On 7 Aug, 2015, at 15:22, Rich Brown <richb.hano...@gmail.com> wrote:

- At that time, the wifi driver requests packets from fq_codel until a) the the fq_codel queues are empty, or b) the wifi frame is full. In either case, the wifi driver sends what it has.

There’s one big flaw with this: if packets are available for multiple destinations, fq_codel will generally give you a variety pack of packets for each of them. But a wifi TXOP is for a single destination, so only some of the packets would be eligible for the same aggregate frame.

So what’s needed is a way for the wifi driver to tell the queue that it wants packets for the *same* destination as it’s transmitting to.

how about when the queue hands packets to the wifi driver, it hands all packets to that same destination, no matter where they are in the queue (up to a max size, and the queue may adjust that max size within a range for fairness)

- Once the transmit opportunity has come around, it's a matter of microseconds (I assume) to pull in a wifi frame's worth of packets from fq_codel

This is hard to guarantee in software in a general-purpose OS.

you really want to have the pckets assembled and ready to go rather than trying to pull them at that point.

But what happens right now is that the queue hands packets to the wifi driver, then the wifi driver has it's own queues that it uses to gather the packets for each destination.

If we can find a way to make it reasonable to short-circuit the wifi driver queues by making it efficient to work from the main network queues, we can work to eliminate the second layer of queues.

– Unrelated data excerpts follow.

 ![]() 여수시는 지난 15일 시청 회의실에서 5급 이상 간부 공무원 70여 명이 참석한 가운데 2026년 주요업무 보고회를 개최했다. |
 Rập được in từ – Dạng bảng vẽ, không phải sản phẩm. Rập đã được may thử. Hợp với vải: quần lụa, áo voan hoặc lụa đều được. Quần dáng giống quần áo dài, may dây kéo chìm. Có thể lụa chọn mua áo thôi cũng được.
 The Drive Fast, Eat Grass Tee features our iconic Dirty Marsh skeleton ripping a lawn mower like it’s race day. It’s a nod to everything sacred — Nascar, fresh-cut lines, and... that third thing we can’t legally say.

so thinking about the requierments from the driver point of view

It needs to be able to pull a chunk of data to transmit (multple packets), it isn't going to know very much ahead of time what speed it's going to use to talk to this destination, and this is going to drastically affect how long it takes to transmit the bits. so when it grabs data from the queue, it needs to feed back to the queue the transmit time for those bits, and the queue uses that instead of the count of bits to determine fairness.

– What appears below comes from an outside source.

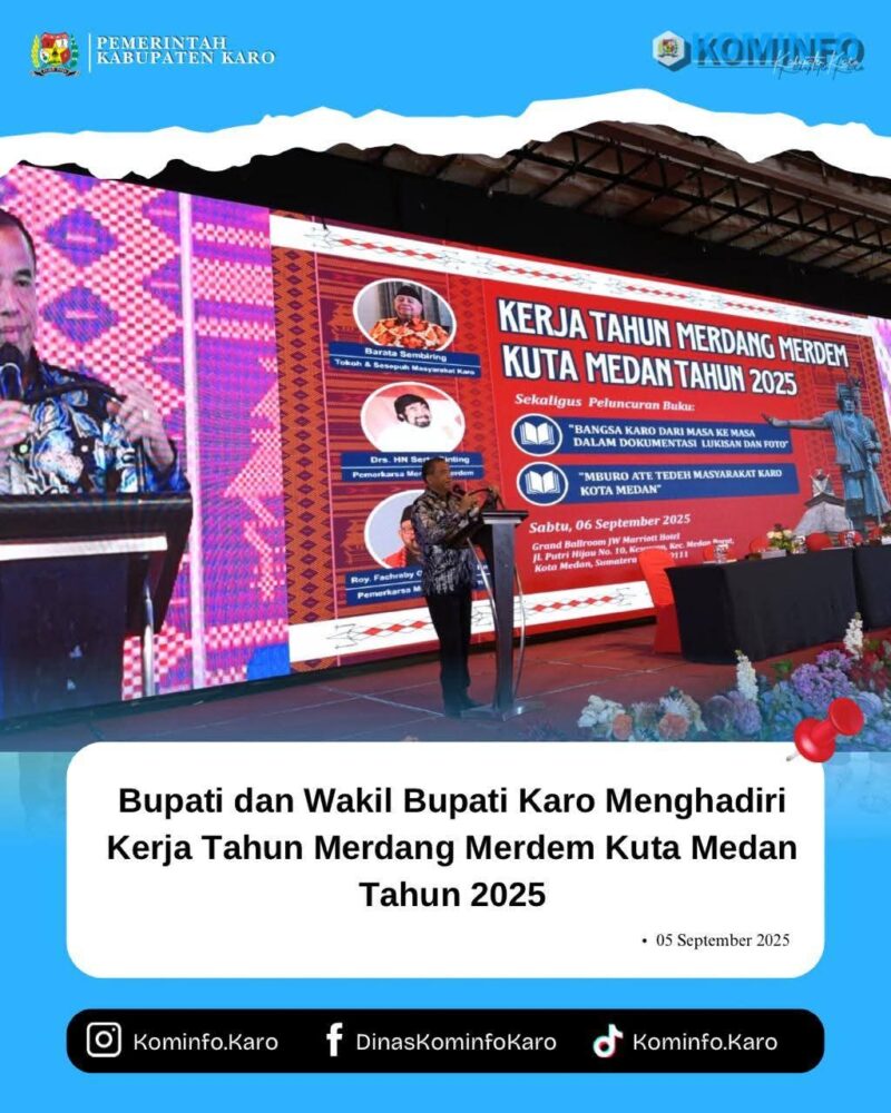 Kerja Tahun merupakan Perayaan adat Karo yang dilaksanakan setiap tahunnya, namun Kerja Tahun Merdang Merdem Kuta Medan Tahun 2025 kali ini diiringi dengan momentum peluncuran serta bedah buku “Bangsa Karo dari Masa ke Masa dalam Dokumentasi Lukisan dan Foto” karya Roy Fachraby Ginting, SH, MKn., dan Dr. Bakhrul Khair Amal, M.Si.

The queue will be deciding fairness based on whois behind in their 'fair share' of transmit time. So the wifi driver isn't going to know when it asks for the net chunk of data to transmit, who it will be going to. So it will need to get the destination, see the speed to use to that destination, pass the speed to a calculation for how much data to send, then grab that much data (rounded to a packet boundry)



Is this sort of logic useful anywhere other than in wifi?

Wifi is the only place I know of where the transmit bit rate is going to vary depending on the next hop address.

I know that the inter-packet gap defined for ethernet can amount to a large percentage of bandwidth at high speeds. Can multiple packets to the same destination be combined with a smaller gap between packets? (the gap timing was based on the speed-of-light time needed for the entire shared bus to quiece back in the 10mb half-duplex hub days). If so, then there's value in bundling packets to the same destination together.


If this sort of logic is not useful anywhere other than in wifi, maby the right answer is to have a way of short-circuiting the main OS queues and have a wifi specific queue that can directly look at the per-client speeds/etc when deciding who goes next and how much to dispatch?